Вроде даже и подсыхать стала. Я стою, словно аршин проглотила, и
Шура глазам своим не верит, Я опомнилась, перевязала рану. На
следующий день повязку сняли, а там уже корочка образовалась. Вовка
опять поводил рукой над раной. И больше уже не завязывали. Через
день корочка отвалилась, и все зажило прямо на глазах. Тут мы и
зайца вспомнили. Вовка ж его и вылечил. Дальше - больше. Ревматизм
донимает, ни днем, ни ночью покоя не нахожу. Вовка минут пять
поводил руками, чую, боль проходит. А на следующий день и опухоль
стала спадать. Господи, на кого молиться? То ли на Николу Угодника,
то ли на Вовку, прости ты меня, Господи.
А в аккурат перед самым приездом Юрия
Тимофеевича Вовка и говорит: «Мам, папа к нам «летит». Да ладно бы
это. А то назавтра пролетел над нами самолет. Вовка выскочил,
раздетый, да как закричит: «Папа, папа!» Сам дрожит, и слезы из
глаз катятся. А мы уж и верим.
Глядь, назавтра Юрий Тимофеевич
заявляется. И точно, этим самолетом летел.

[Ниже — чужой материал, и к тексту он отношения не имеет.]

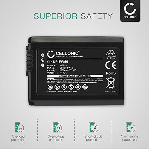 CELLONIC 2X Batteria NP-FW50 Compatibile con Sony Alpha 6000 A6000 A6300 A6500 Alpha 5000 a5000 A5100 A7 Alpha 7 II A7II A7s A7R ILCE-7R RX10 III capacità 1080mAh Ricambio Sostituzione Battery

- С чего ж это у него вдруг взялось?
- спросила тетя Вера.
- Кто знает? - пожала плечами мать. -
Может после того случая, как его лошадь копытом стукнула… Они с
ребятами игру затеяли, кто не испугается под брюхом лошади
пролезть. И лошадь-то смирная была. Все пролезли. А его наподдала.
Что-то ей не понравилось. Стукнула-то копытом в бок, да он об
камень головой ударился. Притащили без сознания. Кровь льет.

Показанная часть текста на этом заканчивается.